So I spent too much time benchmarking:

    | Entries | gcc | gcc+pref. | clang | clang+pref. | clang -cmov | clang -cmov+pref. |
    |---------|-----|-----------|-------|-------------|-------------|-------------------|
    | 0.5     | 210 | 88        | 213   | 191         | 109         | 93                |
    | 1.0     | 231 | 107       | 235   | 211         | 134         | 112               |
    | 2.0     | 289 | 168       | 306   | 275         | 231         | 179               |
    | 5.0     | 369 | 231       | 389   | 343         | 338         | 239               |
    | 10      | 413 | 268       | 437   | 384         | 410         | 276               |
    | 25      | 469 | 311       | 490   | 435         | 506         | 318               |
    | 50      | 515 | 346       | 537   | 478         | 586         | 356               |
    | 100     | 564 | 387       | 588   | 522         | 670         | 399               |

Entries are in millions and times in ns per bsearch call.

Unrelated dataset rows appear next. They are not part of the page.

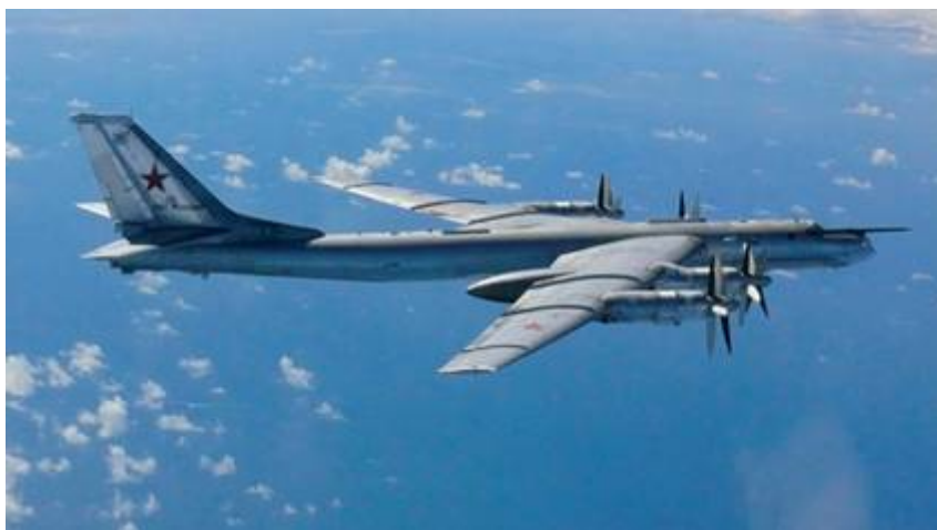
Russische nucleaire bommenwerper, bewapend met zes nucleaire kruisraketten.

De Verenigde Staten en Europa krijgen ook regelmatig bezoek van Russische bommenwerpers van het type Tu-95 Bear elk bewapend met zes nucleaire kruisraketten die vanaf grote afstand kunnen worden afgevuurd. Volgens een Russische militaire woordvoerder maken dit soort acties deel uit van ‘simulatieaanvallen op de vijand’.
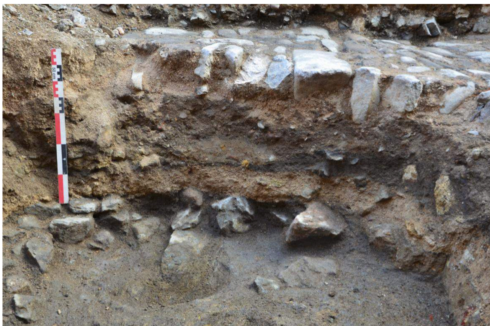
Sondage 1, place de la République.
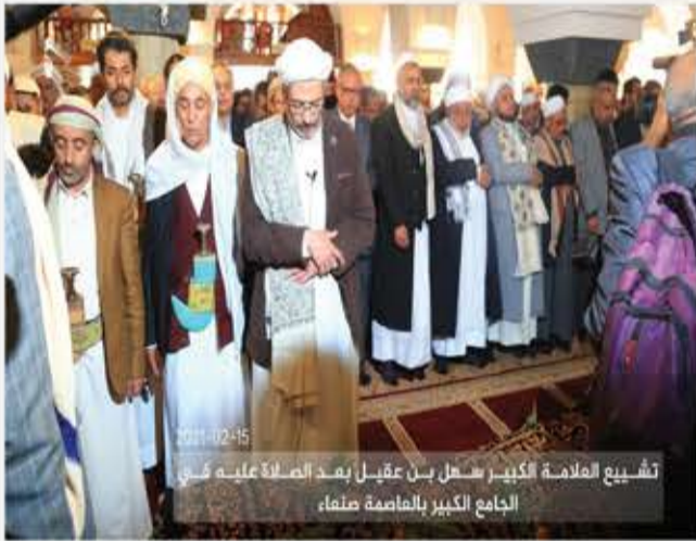
تشيع العلامة الكبير سهل بن عقيل بعد الصلاة عليه في الجامع الكبير بالعاظمة صنعاء،

صورة معبرة لصلاة على جنازة أحد علماء اليمن في صنعاء.

Prefetching does all the difference, but perhaps not for the right reason. On my machine (broadwell) the two prefetches that you suggested makes gcc emit the cmovb that clang with -cmov uses. The second one is enough to make it prefer cmovb but not the first one. Maybe a hand-hacked assembly loop based on the code gcc emits but without the prefetches would run even faster.